AVAILABLE DATA =>
- Opening Delimiter -
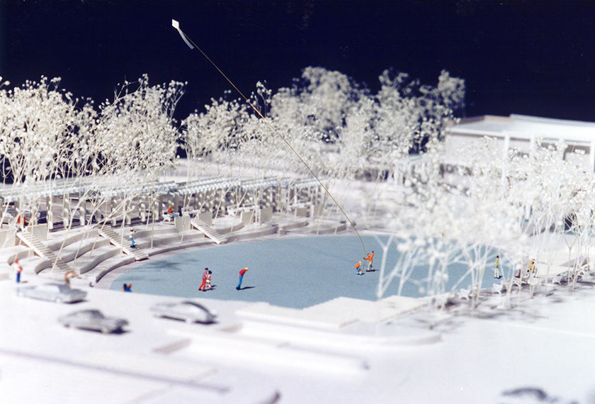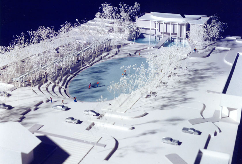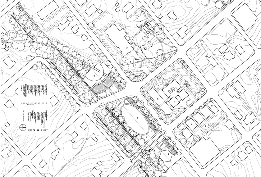 The project emphasized places to gather, from covered sitting areas overlooking the oval to a gently sloping hillside for sitting on the north side. An abandoned rail right-of-way was developed into a bikeway that ran through a gap in the new library building. The parking lot on the east side was fully screened from the oval by a trellised walkway. The trellised walkway was dimensioned to accommodate open air markets that could take place on weekends.
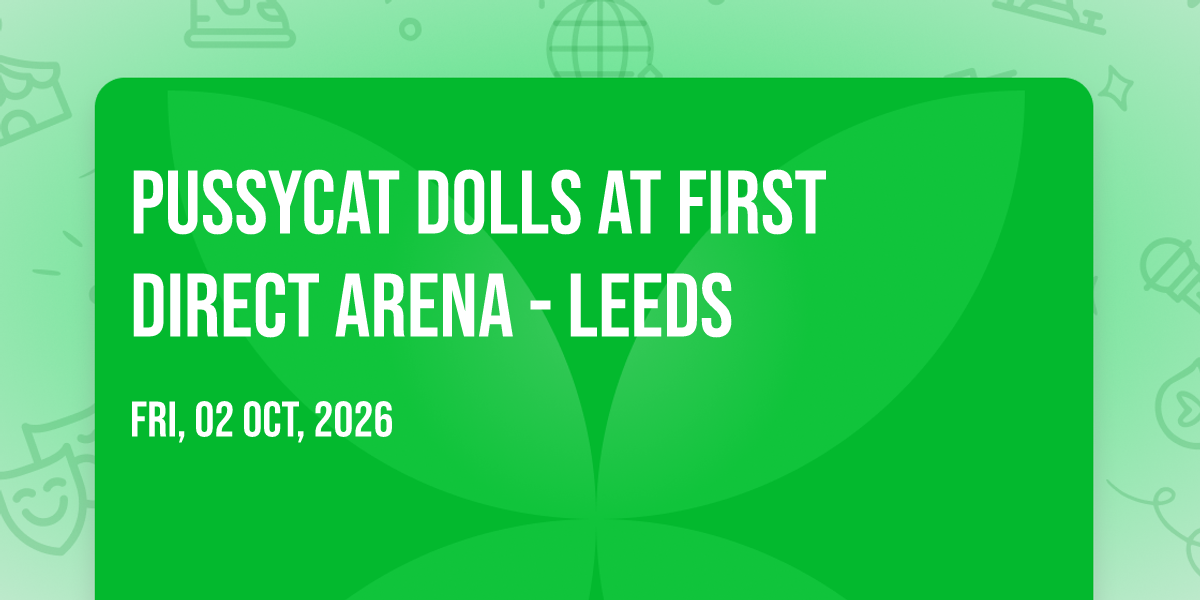 ✨ Experience the magic of Pussycat Dolls at First Direct Arena - Leeds, where moments become memories that last a lifetime! 🏛️ The iconic First Direct Arena - Leeds in Leeds, EN sets the perfect stage for an unforgettable celebration on October 2nd, 2026 at 06:00 PM. 🌟 It's been a curated experience that brings together the best of entertainment and innovation, creating an atmosphere of wonder and excitement. From the moment you arrive, you'll be immersed in a world where the ordinary transforms into the extraordinary. 🎊 Book early to secure your place in what promises to be an event that will be talked about for years to come!
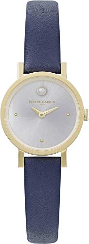 Pierre Cardin - ساعة يد للنساء مع سوار ساعة من الجلد بلون ازرق من بيير كاردان, ذهبي
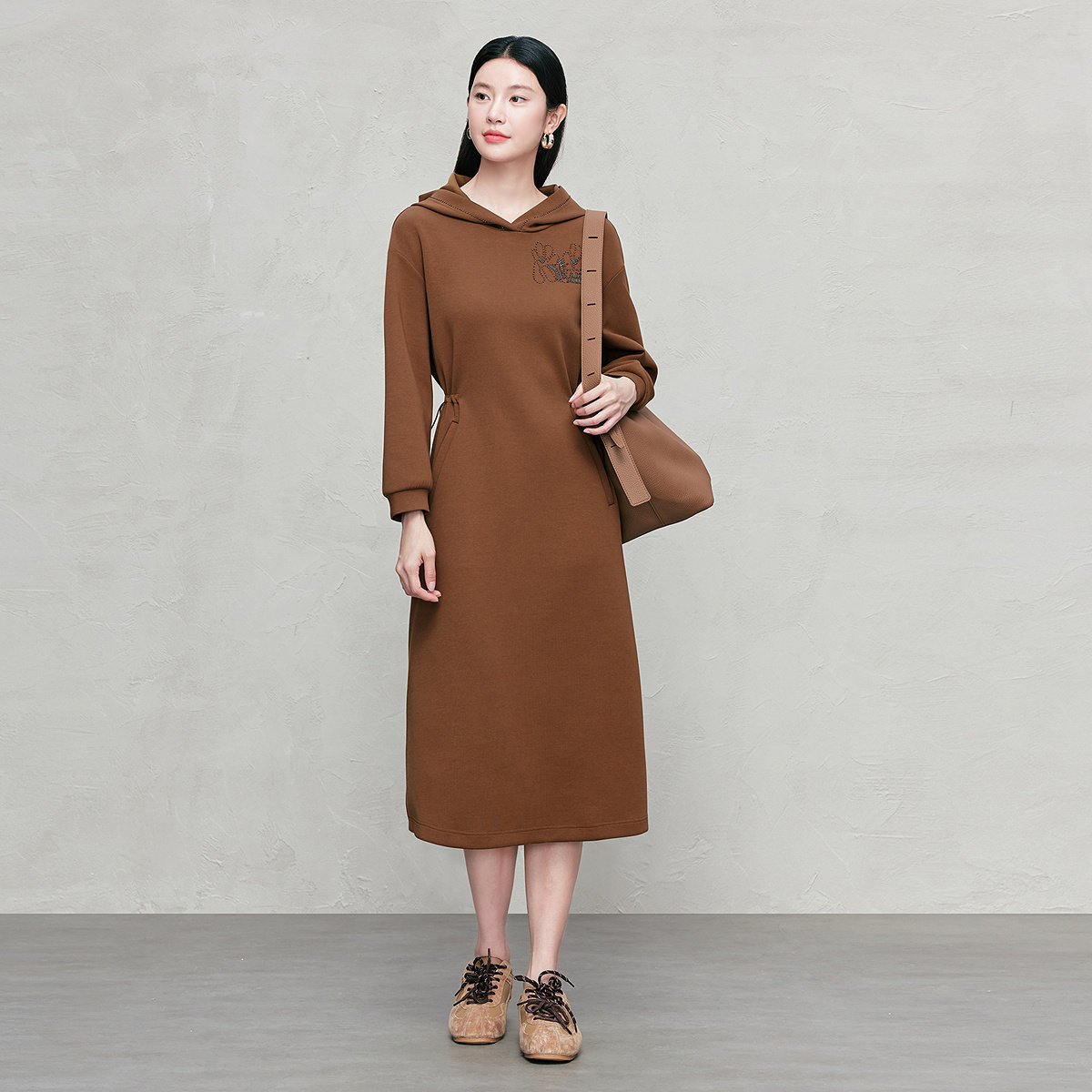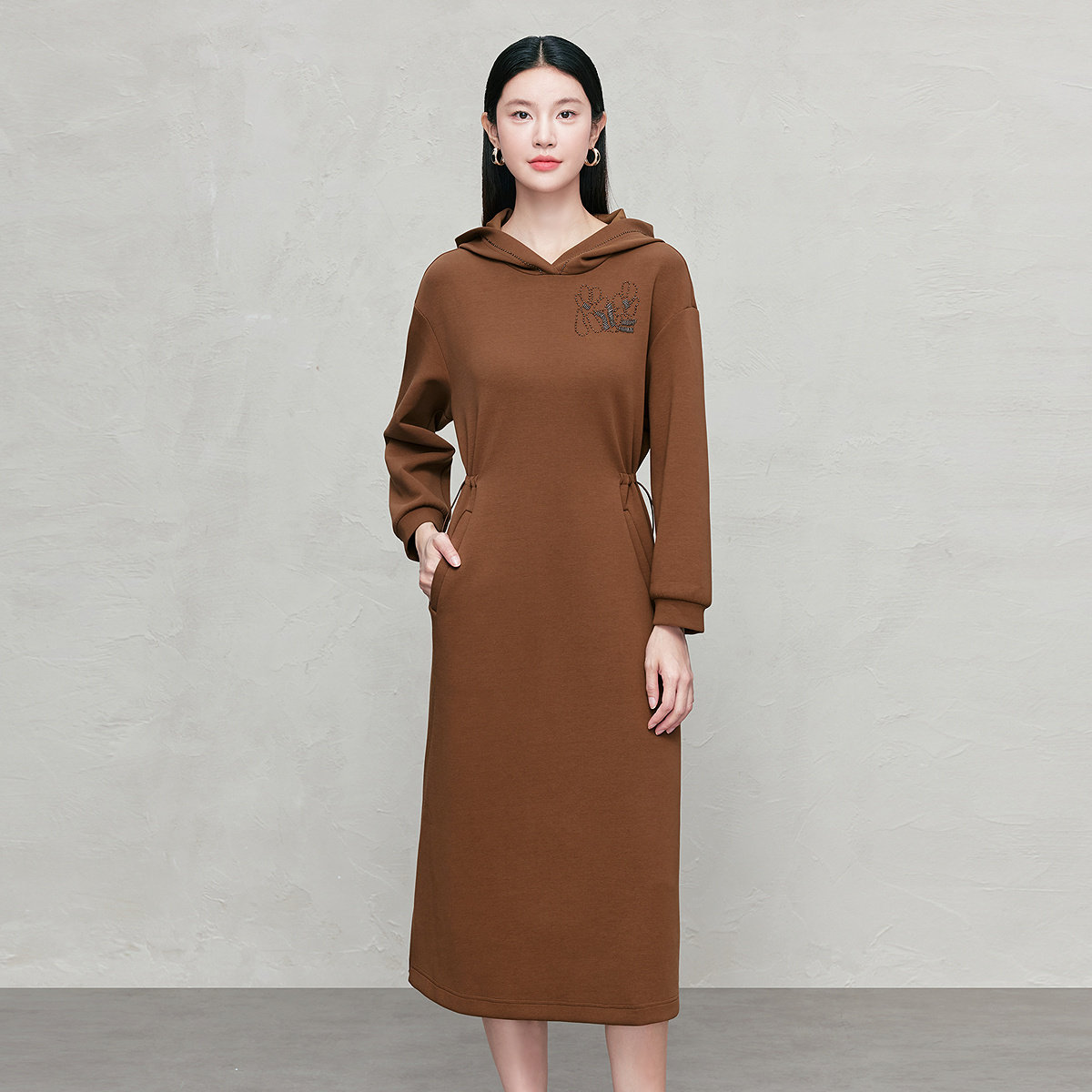 【商场同款】FINITY菲妮迪连衣裙26春新款简约连帽咖色棉质长裙女
- Closing Delimiter -
YOUR OBJECTIVE =>
Set the listing down exactly, without its pictures.

RESPONSE =>
 The project emphasized places to gather, from covered sitting areas overlooking the oval to a gently sloping hillside for sitting on the north side. An abandoned rail right-of-way was developed into a bikeway that ran through a gap in the new library building. The parking lot on the east side was fully screened from the oval by a trellised walkway. The trellised walkway was dimensioned to accommodate open air markets that could take place on weekends.
 ✨ Experience the magic of Pussycat Dolls at First Direct Arena - Leeds, where moments become memories that last a lifetime! 🏛️ The iconic First Direct Arena - Leeds in Leeds, EN sets the perfect stage for an unforgettable celebration on October 2nd, 2026 at 06:00 PM. 🌟 It's been a curated experience that brings together the best of entertainment and innovation, creating an atmosphere of wonder and excitement. From the moment you arrive, you'll be immersed in a world where the ordinary transforms into the extraordinary. 🎊 Book early to secure your place in what promises to be an event that will be talked about for years to come!
 Pierre Cardin - ساعة يد للنساء مع سوار ساعة من الجلد بلون ازرق من بيير كاردان, ذهبي
 【商场同款】FINITY菲妮迪连衣裙26春新款简约连帽咖色棉质长裙女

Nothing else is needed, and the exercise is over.